If $y=5$, then $0 \leq x \leq 10$
$\Rightarrow x=0,1,2, \ldots \ldots 10\,\,\,\,\,\,\,$ total 11 ways.
If $y=6$, then $1 \leq x \leq 11$
$\Rightarrow x=1,2,3 \ldots \ldots .10 ; \,\,\,\,\,$ total 10 ways.
If $y=7$, then $2 \leq x \leq 12$
$\Rightarrow x=2,3 \ldots \ldots \ldots .10 ; \,\,\,\,\,$ total 9 ways.
If $y=8$, then $3 \leq x \leq 13$
$\Rightarrow x=3,4 \ldots \ldots \ldots .10 ; \,\,\,\,\,$ total 8 ways.
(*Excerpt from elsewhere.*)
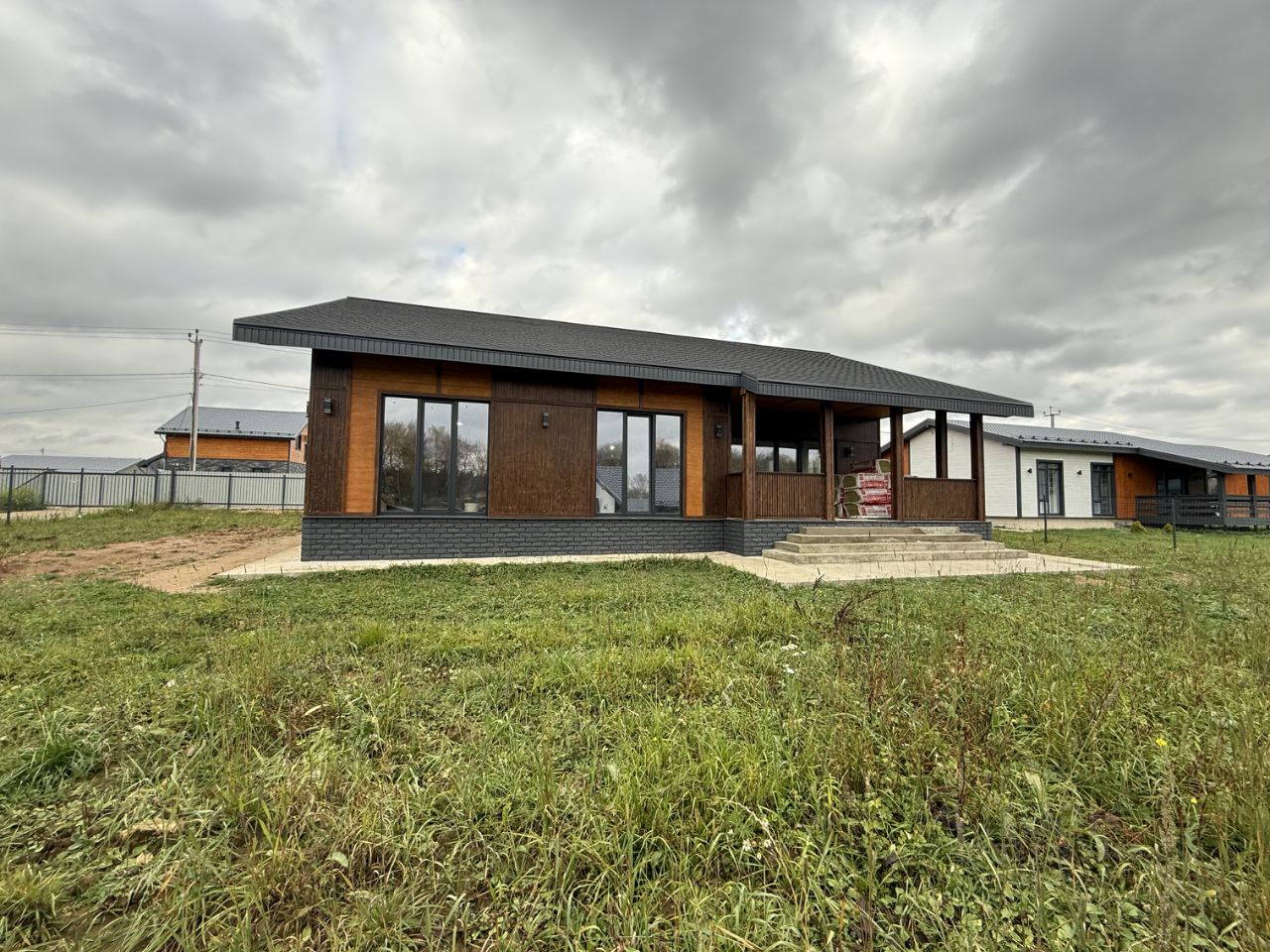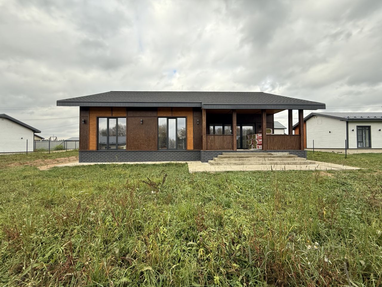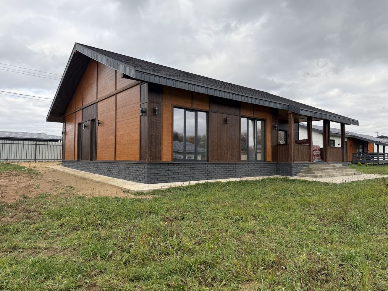 Дом выполнен из качественных материалов. Площадь 153 м2 (плюс веранда 23 м2). Фундамент - монолитная армированная плита с учетом выхода на терассу и крыльца. Материал стен газоблок 250 с дополнительным утеплением стен 50 мм.

If $y=9$, then $4 \leq x \leq 14$
$\Rightarrow x=4,5 \ldots \ldots \ldots \ldots 10 ; \,\,\,\,\,$ total 7 ways.
If $y=10$, then $5 \leq x \leq 15$
$\Rightarrow x=5,6 \ldots \ldots \ldots \ldots 10 ; \,\,\,\,\,$ total 6 ways.
$\therefore $ Favourable number of ways
$=6+7+8+9+10+11+10+9+8+7+6=91 .$
$\therefore $ Required probability $=\frac{91}{121}$.